Klasse dank dir Rudi. Interesse ist auf jeden Fall da. Schick mir einfach die Bilder sobald du Zeit hast.

Bzgl Freilauf Rollen. Ist das deutlich komplizierter? Könntest du mir dazu auch Bilder zeigen? Nur wenns nicht zu aufwendig ist. Will dir ja nicht die ganze Zeit stehlen.


----------



## DirkulesMG (21. August 2018)

*AW: Probleme mit neuer Shimano Nasci 4000FB XG*



Bimmelrudi schrieb:


> Vom Grundprinzip her ja, wenn man mal Heckbremsler und Freilaufrollen außen vor lässt.
> 
> Bei Interesse kann ich dir gern am Sonntag mal ein paar Bilder machen, wie man eine Rolle zerlegt. Vorher komme ich leider nicht dazu, muß bis Samstag noch malochen.
> 
> Meld dich einfach mal per PN.



Klasse! Würdest Du die Bilder hier veröffentlichen?
Hätte da auch ne Rolle, die das nötig hätte, hab mich aber noch nicht dran getraut #d

Was für ein Entfetter und welches Fett kommt dann neu drauf, hast Du da auch ein paar Tipps?


----------



## Bimmelrudi (21. August 2018)

*AW: Probleme mit neuer Shimano Nasci 4000FB XG*



Vincent_der_Falke schrieb:


> Bzgl Freilauf Rollen. Ist das deutlich komplizierter? Könntest du mir dazu auch Bilder zeigen? Nur wenns nicht zu aufwendig ist. Will dir ja nicht die ganze Zeit stehlen.

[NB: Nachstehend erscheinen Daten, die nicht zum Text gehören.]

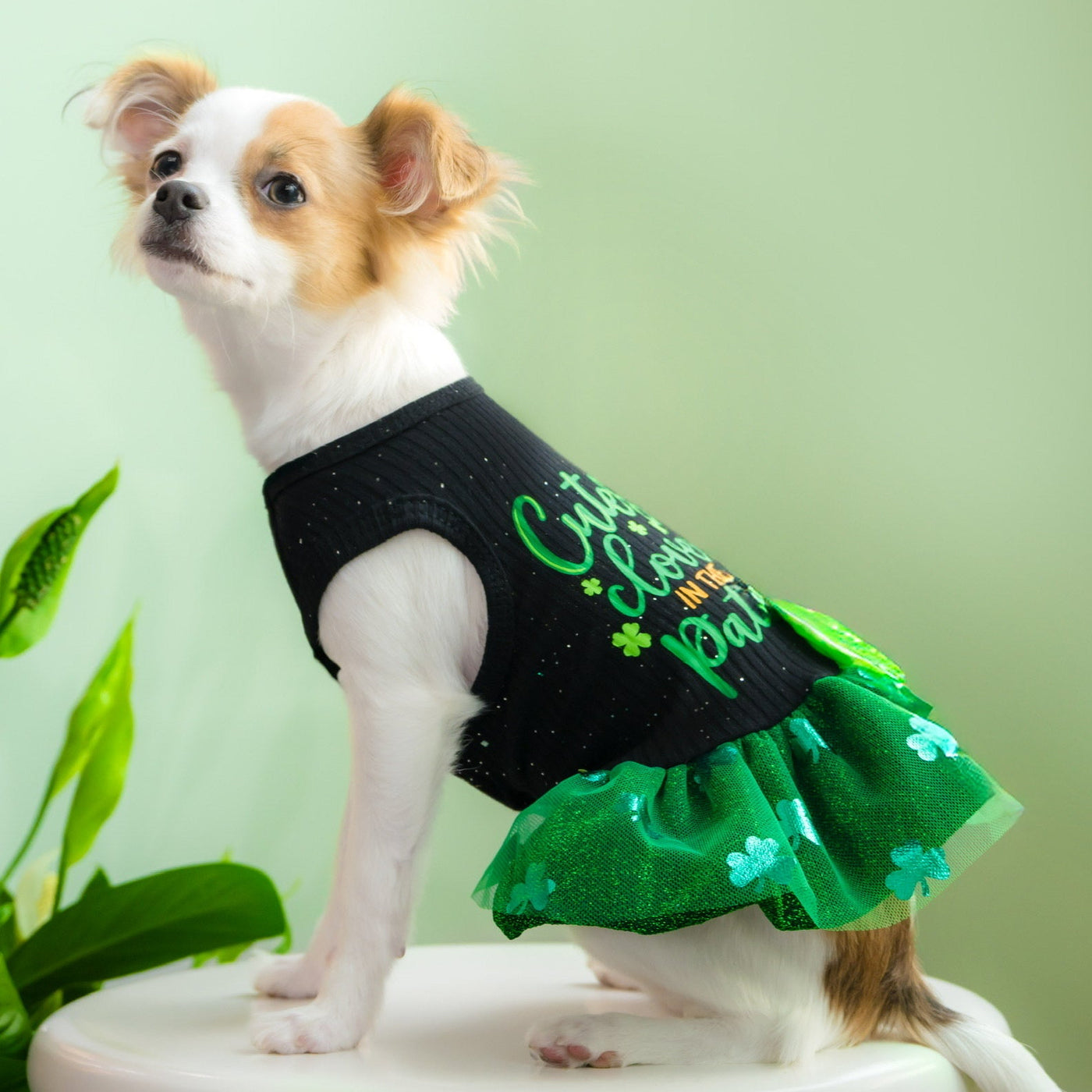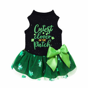 Deck out your canine companion in the sensational "Cutest Clover in the Patch" doggie dress. Designed for pups who love to shine, this dress dazzles with sequins atop, reflecting the sparkling atmosphere with every step. Its comfortable round neckline and cute green bow make it an essential for St. Patrick's Day celebrations. Let your furry friend steal the show and bask in the limelight!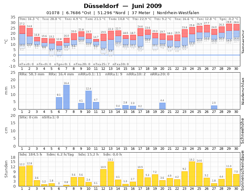 Der Juni 2009 war in der „jüngeren“ Vergangenheit ein kalter Ausreißer mit einer Mitteltemperatur von 16,3 °C. Es war ein phasenweise nasser und trüber Monat.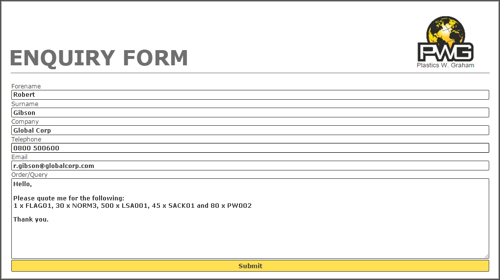 To create your order simply copy and paste the reference codes of your choice from our ‘Stock & Online Items’ along with the quantity required into the order form. If you’d like to request a call back regarding bespoke items then please provide details in the space provided. We’ll contact with a quote right away.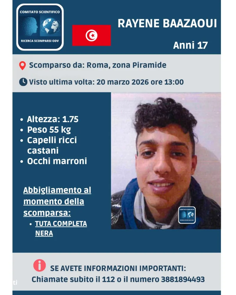 «Possiamo confermare che Rayene si è allontanato da un centro di accoglienza situato nella zona Piramide a Roma intorno alle ore 13:00 del 20 marzo», spiegano dal Comitato Scientifico Ricerca Scomparsi OdV.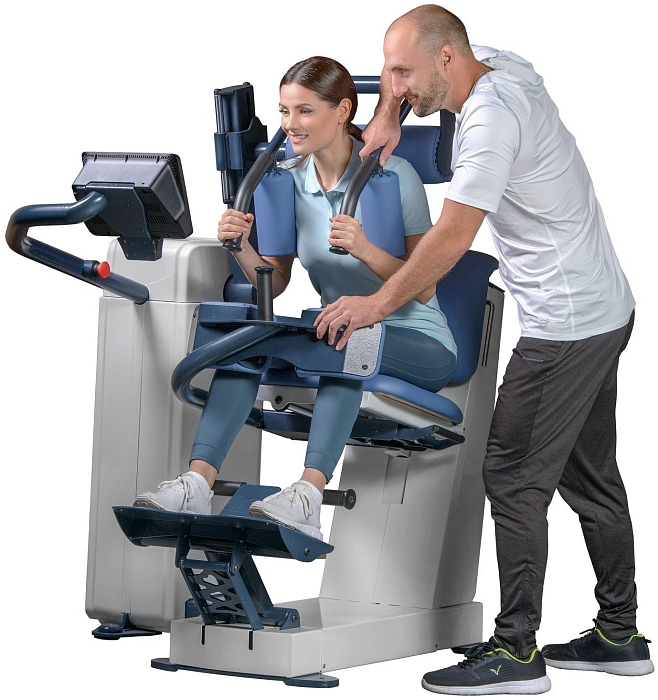 Для тестирования и активной реабилитации заболеваний позвоночника. Заставляет работать поясничный и грудной отделы позвоночника, активизируя мышцы разгибатели и сгибатели. Предназначен для пациентов с сильными и продолжительными болями в спине, с плохой координацией движений, имеющих слабые мышцы. Система фиксирования бедра исключает работу сильных мышц разгибателей бедра, принимающих на себя нагрузку вместо тех мышц, которые нужно укрепить. Нагрузку получают только мышцы в поясничном и грудном отделах позвоночника.

Freilaufrollen sind komplizierter..nicht vom Getriebe her, da sind sie gleich, es wird nur deutlich enger im Gehäuse durch den zusätzlichen Mechanismus, der aus diversen recht kleinen Teilen besteht.
Da kann auch schnell mal was verloren gehen ohne das man es direkt sieht.

Würde ich jetzt nicht empfehlen da direkt dran rumzuwerkeln ohne vorausgehende Kenntnisse.


Evtl. mache ich das später mal öffentlich als Anleitung, da brauch ich dann aber auch erstmal bissl mehr Zeit zu.
Aktuell ist das mit meinem Job noch nicht zu vereinbaren.

Zum Neufetten nehme ich grundsätzlich nur die Produkte von ReelX.
Als Entfetter funktioniert zb Bremsenreiniger sehr gut.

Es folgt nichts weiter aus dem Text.